By: Jamshid Ghazi Askar, Deseret News
Eleven years after writing “Queen Bees and Wannabes,”
about the social lives of tween and teen girls, Rosalind Wiseman has now given the same treatment to boys with the new book “Masterminds and Wingmen.”
The "Today Show" website published an excerpt of this latest book
in which the author examines the relationship between boys and authority figures.
“Boys have a strong response to authority figures who discipline them fairly, even if they hate the punishment,” Wiseman wrote in that excerpt. “People in positions of authority are important to boys. Boys accord an adult great respect if they believe in the person's honor.
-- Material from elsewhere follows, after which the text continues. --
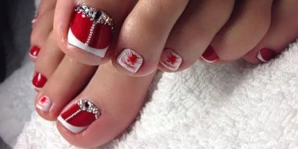 Ногти на ногах могут быть украшены не менее ярко, чем на руках. Женщины, которые любят выделять свой безупречный вкус выполняют дизайн в красном цвете и добавляют несколько страз. Объемный педикюр будет выгладить сногсшибательно, подчеркнет стильный образ женщины. Используются стразы красного цвета, так и другие более контрастные оттенки блестящих элементов. Педикюр со стразами не должен быть в слишком большом количестве, иначе выпуклые детали будут мешать, поэтому мастера выделяют один большой ноготь и создают невероятно изысканный дизайн.

They burn with resentment when they are under the control of an adult who abuses his or her authority and then take these experiences and often assume other adults will act the same way.”
In a recent interview with The Atlantic
, Wiseman talked about circumstances in which educators - perhaps even inadvertently - end up sending mixed messages to boys.
Wiseman told The Atlantic, "Much of how our educational system is structured - from the way boys are taught academics, to the lack of training we give teachers to be ethical competent authority figures who not only know their subject matter but are engaging educators, to the way the minority of boys who do abuse power so often regularly get away or are disciplined in a way that only shows how powerless the adults are to truly hold them accountable - all too often schools are the place boys learn that the overall culture they will grow up in restricts their creativity and makes it as difficult as possible to come into their masculinity in healthy ways."